Aujourd’hui, toute l’énergie du site tourne ainsi », alimentée par des déchets verts en bonne partie issus de la production. À l’étranger, certains sites notamment ceux où la production est très ponctuelle comme la rose en Turquie, sont équipés au gaz, la biomasse étant trop compliquée à gérer dans ces cas-là.

DES EMBAUCHES ET DES INVESTISSEMENTS DANS LE SOLAIRE

Preuve de la santé de l’entreprise quadragénaire et pour accompagner l’augmentation en volume, depuis un an, Biolandes embauche : une vingtaine d’offres d’emplois allant de cadres à des techniciens de conduite d’appareils, essentiellement en CDI, viennent ou sont en train d’être concrétisées. « On a besoin de se structurer un peu plus pour continuer à grandir », fait valoir le dirigeant.

Et la société continue d’investir massivement, entre 8 millions et 10 millions d’euros par an en moyenne sur les dernières années.

Parmi les projets, un nouvel atelier d’extraction pour aller chercher les molécules dans les plantes notamment pour l’extrait d’écorce de pin, et le développement du solaire, en particulier sur les filiales aux Comores, à Madagascar ou en Espagne. « D’ici la fin de l’année, on devrait couvrir sur le site landais nos besoins journaliers en électricité », grâce aux panneaux photovoltaïques installés notamment sur les ombrières des parkings : « Ça n’a pas de sens de mettre les panneaux au sol, sur la forêt », défend cet amoureux des pins des Landes, mécène de l’établissement Bordeaux Sciences Agro où on imagine la forêt de demain.

Ici, depuis 1980, nos chaudières tournent à la biomasse. Le développement durable, c’est ce qu’on fait depuis les débuts !

Côté recherche et développement, une vingtaine de personnes œuvrent au centre de recherche à Le Sen. « On garde secret ce sur quoi ils travaillent, ces produits sortiront l’année prochaine. On n’empêchera pas les gens de faire les mêmes extraits que nous, mais il faut toujours garder un temps d’avance sur la concurrence », détaille le patron de l’entreprise leader mondial sur certains produits comme la fleur d’oranger, l’ylang-ylang ou le ciste.

BIENTÔT UN SHOWROOM À LE SEN

Cette année, en plus de l’extrait de vétiver, la principale nouveauté a été la sortie d’un extrait à base de maïs.
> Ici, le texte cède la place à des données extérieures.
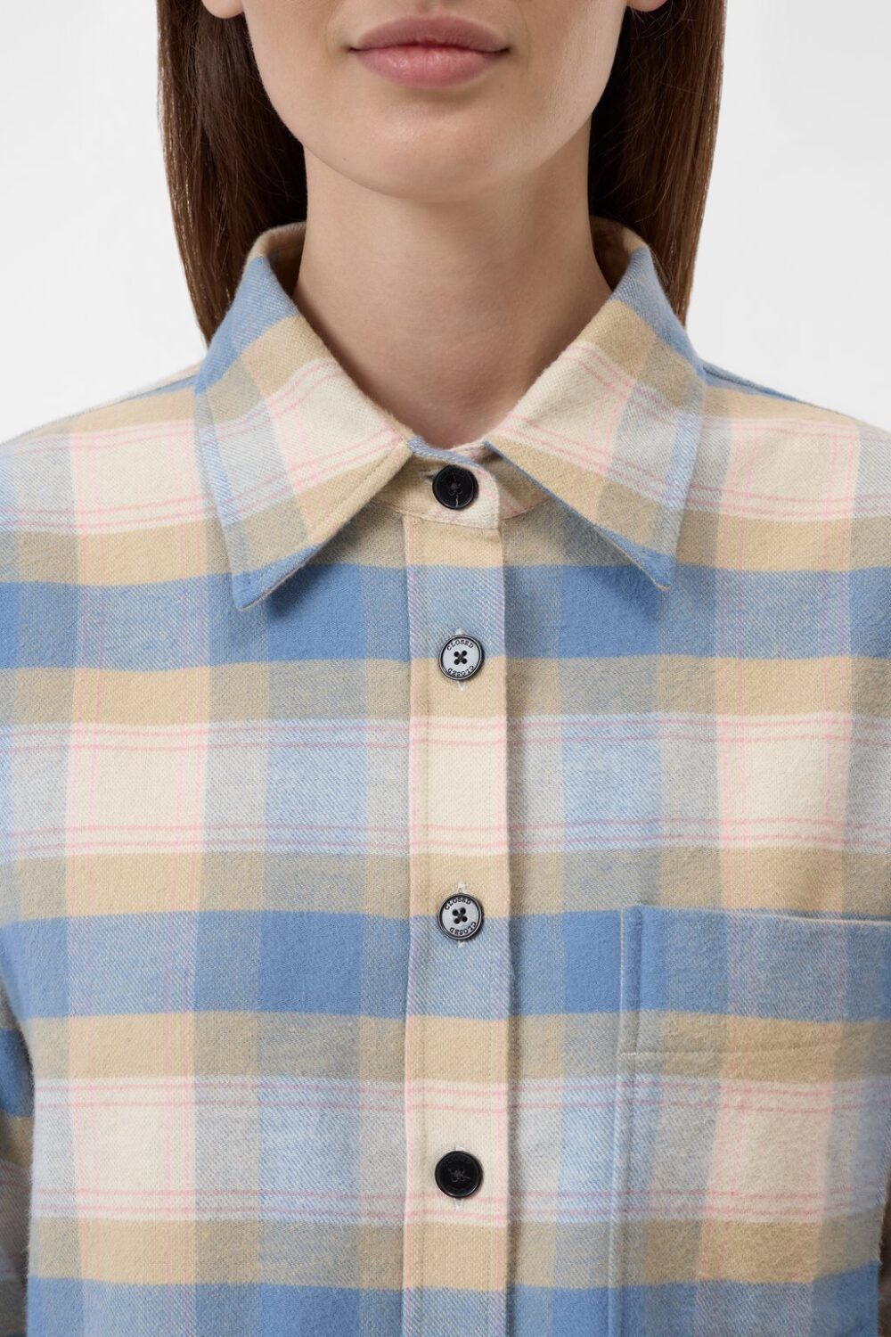 The cropped oversized shirt is made from soft brushed cotton in a relaxed fit. Features a chest pocket with signature stitching, angled sleeve plackets, and a curved hem for a clean finish.

Étonnant pour des Landais que cela n’existe pas déjà depuis longtemps ? « Au départ, le maïs a une odeur assez neutre. Il fallait trouver le moyen de la développer. C’est en le traitant comme du pop-corn qu’on est arrivé à la bonne formule ! », relaie Philippe Coutière. Une essence qui sera sans doute proposée dans le futur showroom Biolandes de 200 m2, à Le Sen, évidemment. « Jusqu’ici, on ne faisait pas de vente directe au consommateur, on vend à des industriels, on n’a pas besoin de faire de communication. Mais on s’est dit qu’un magasin était utile pour que les gens connaissent les produits qu’on fabrique et sachent ce qu’on fait, des huiles essentielles aux meubles en bois et au terreau. » En toute discrétion.

BIOLANDES EN CHIFFRES

148 millions d’euros de chiffre d’affaires en 2021, dont 2/3 à l’export

45 % en parfumerie, cosmétique, arômes

35 % en nutraceutique, compléments alimentaires

20 % en lambris, parquets, meubles, granulés combustibles, terreaux et écorces

860 salariés dans le monde, dont 400 en France. Jusqu’à 2 400 personnes pendant les récoltes

4 000 clients dans 70 pays

18 sites de production dans le monde, dont 11 en France

5 fermes : Bulgarie, Maroc, Madagascar (2), Canada

Présence dans 16 pays avec 5 bureaux de représentations à l’international : USA, Dubaï, Inde, Chine, Japon.